ABOUT THIS EXERCISE:
Restate exactly the lines of the entries below, beginning with the first and ending with the line that holds "futhark récent ; Pierre de Saint-Ouen". Pictures are not copied.

TASK INPUTS:
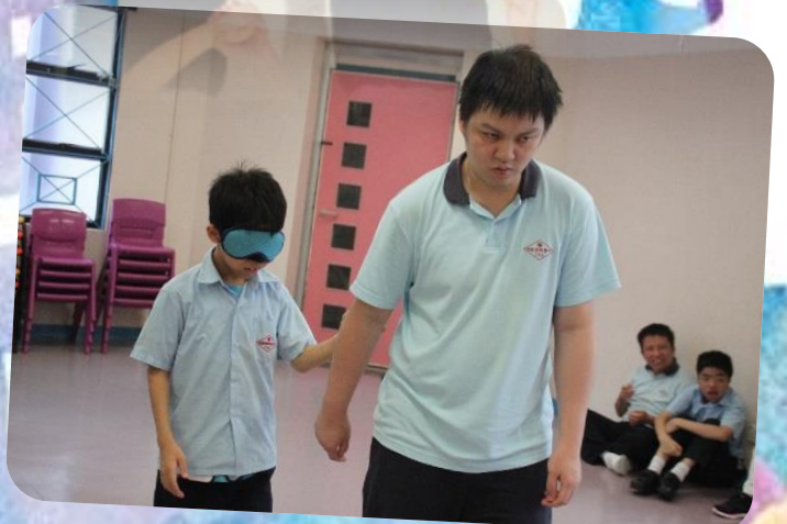
互相合作 彼此信任 解決難題
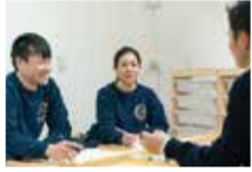
スタッフ同士でも連携し、子どもを見守る体制もしっかり整えている。

脳科学に基づく独自の療育カリキュラムを提供する児童発達支援教室。先日豊中に新規開校したばかりの同教室は、春の入学見学会を各校で実施中。カリキュラムの特徴は、お箸の正しい持ち方を身につけながら脳に刺激を与える「指先強化トレーニング」や、社会性を高める「ワーキングメモリートレーニング」など40種類以上のトレーニングを個別に構成し苦手分野をケア。さらに、保護者には毎月のレポートや、個別の面談・相談の場を提供するなど、保護者や通っている園との連携を重視しているところも心強い限り。無料見学会は各校で随時実施中。
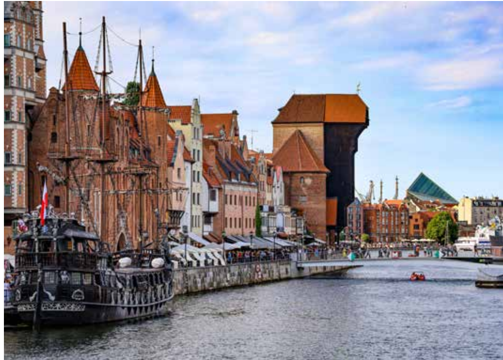
Gdańska Starówka

Uczestnicy Forum z zainteresowaniem wysłuchali informacji o standardach działania UTW w Polsce oraz o realizowanych przez Ogólnopolską Federację Stowarzyszeń UTW projektach szkoleniowych i konferencjach dla przedstawicieli środowiska UTW
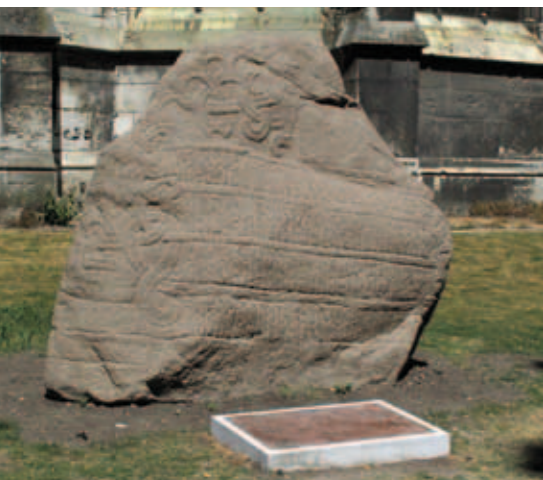
futhark récent ; Pierre de Saint-Ouen

titut Arne Magnusson de Copenhague, un manuscrit renfermant les lois de la province danoise de Scanie, composé vers 1300 entièrement en écriture runique. Cet exemple aujourd'hui unique d'utilisation de l'écriture runique dans la composition d'un manuscrit médiéval n'était peut-être pas isolé à l'époque. Les fouilles entreprises dans le quartier des quais à Bergen dans les années 50 ont permis de mettre au jour un ensemble très important de bâtonnets gravés de runes datant du XIII e siècle. La plupart des bâtonnets portent des mentions de propriété et servaient sans doute à identifier les marchandises échangées dans cette grande place de commerce à l'époque. D'autres messages prouvent que les runes étaient encore utilisées au XIII e siècle pour la communication courante, malgré la concurrence féroce de l'alphabet latin : un des bâtonnets porte en effet le message suivant : kya: sehir : atþu: kakhæim: que l'on peut traduire : Gyða te dit de rentrer à la maison ! ■
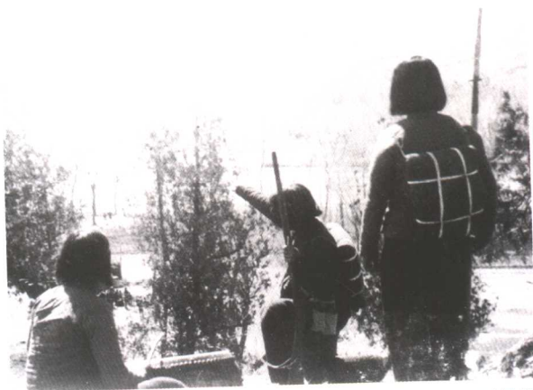
抗日战争时期，广大农村妇女踊跃支援前线
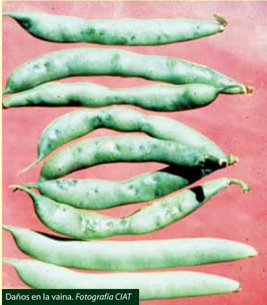
Daños en la vaina.
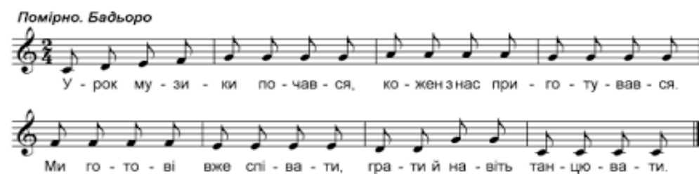
Рис.2.1. Музичне привітання

Вітаю вас, мої любі діти! Щиро рада бачити вас у нашому вокальному класі, де ви продовжуєте відкривати для себе багато цікавих і нових здібностей. Давайте зараз ми з вами привітаємось, але тепер ми це зробимо музично (рис. 21.).
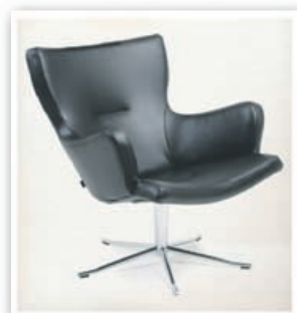
Gyro stóll - Hönnun: Jan Ekström kr. 198.800
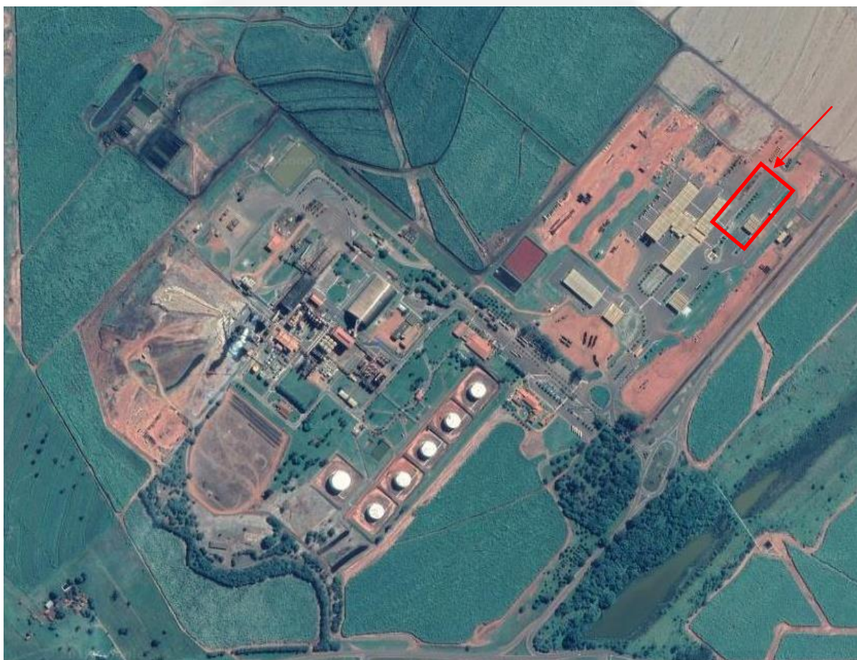
Figura 1- Localização do empreendimento

Opera com 05 (cinco) funcionários, 03 turnos por dia, durante 8 horas/dia, todos os dias e meses do ano. O empreendimento existe especificamente para abastecimento da frota de veículos da Usina Coruripe S.A. e está localizado paralelo ao complexo da Usina, sendo esta última detentora da Licença de Operação 211/2019 (processo 60/1983/014/2016).
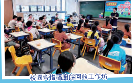
校園齊惜福廚餘回收工作坊
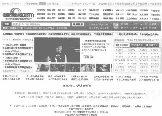
图 1.2 媒体信息服务类网站

在浏览器的地址栏上输入： http://www.cctv.com/ ，进入图 1.2 所示的央视网首页。
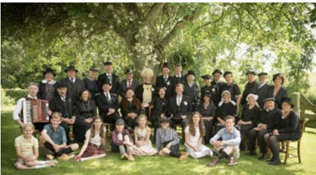
De crew van de film.

De promotie van deze film en het beschikbaar stellen bij filmfestivals wordt verzorgd door Project IJselfilm.
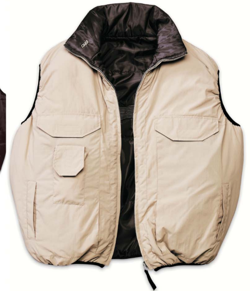
SA543 GILET DOUBLE FACE gilet reversibile - chiusura con cerniera varie tasche esterne ed interne inserti retroriflettenti nella parte interna taglia: M - L - XL - XXL ( a richiesta ) materiale: nylon
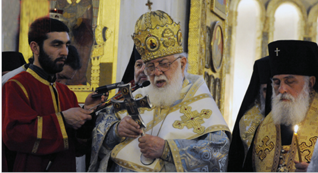
გაზრქობა მე-2 გვერდზე

გუშინ საქართველოში მცხეთობა - სვეტიცხოვლობა აღინიშნა. "კვართისა საუფლოსა და სვეტისა ღმრთივბრწყინვალისა და მირონმდინარისას" დღესასწაულთან დაკავშირებით, სრულიად საქართველოს კათოლიკოს-პატრიარქი ილია მეორე სვეტიცხოვლის საკათედრო ტაძარში საღვთო ლიტურგიას დილიდან ასრულებდა. სპეციალურად გუშინდელი დღისთვის მღვდელმსახურები, ბერმონაზვნები და მორწმუნეები სხვადასხვა კუთხიდან ჩამოვიდნენ.
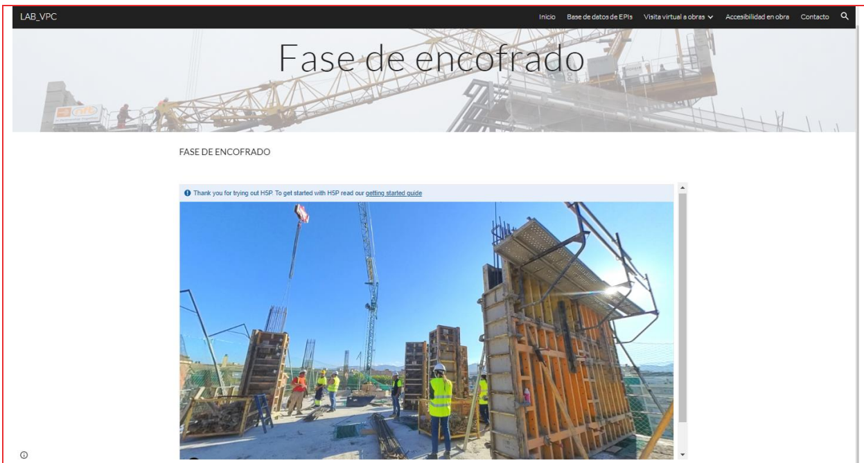
Figure 3. Immersive virtual scenario. Example: Formwork phase.
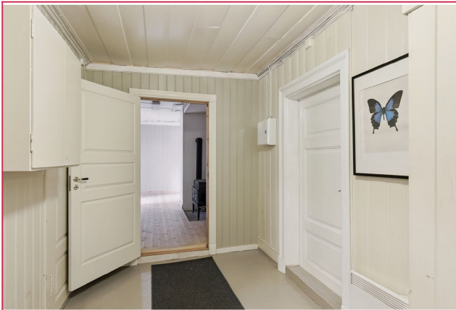
Entrè til leiligheten
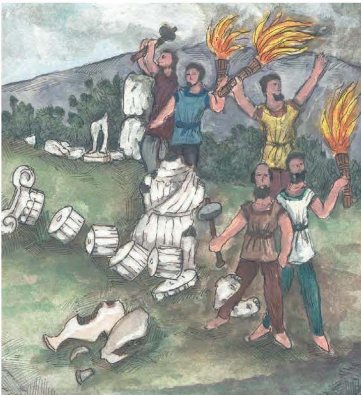
4. Φανατικοί χριστιανοί καταστρέφουν αρχαία μνημεία.
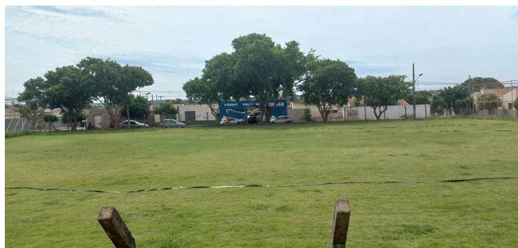
Foto 6 - Campo de futebol satisfatoriamente mantenido.
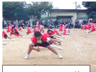
4, 5, 6年ソーラン節
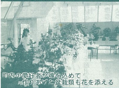
町内の愛好者が魂を込めて 作りあげた盆栽類も花を添える

SOLUTION:
互相合作 彼此信任 解決難題
スタッフ同士でも連携し、子どもを見守る体制もしっかり整えている。

脳科学に基づく独自の療育カリキュラムを提供する児童発達支援教室。先日豊中に新規開校したばかりの同教室は、春の入学見学会を各校で実施中。カリキュラムの特徴は、お箸の正しい持ち方を身につけながら脳に刺激を与える「指先強化トレーニング」や、社会性を高める「ワーキングメモリートレーニング」など40種類以上のトレーニングを個別に構成し苦手分野をケア。さらに、保護者には毎月のレポートや、個別の面談・相談の場を提供するなど、保護者や通っている園との連携を重視しているところも心強い限り。無料見学会は各校で随時実施中。
Gdańska Starówka

Uczestnicy Forum z zainteresowaniem wysłuchali informacji o standardach działania UTW w Polsce oraz o realizowanych przez Ogólnopolską Federację Stowarzyszeń UTW projektach szkoleniowych i konferencjach dla przedstawicieli środowiska UTW
futhark récent ; Pierre de Saint-Ouen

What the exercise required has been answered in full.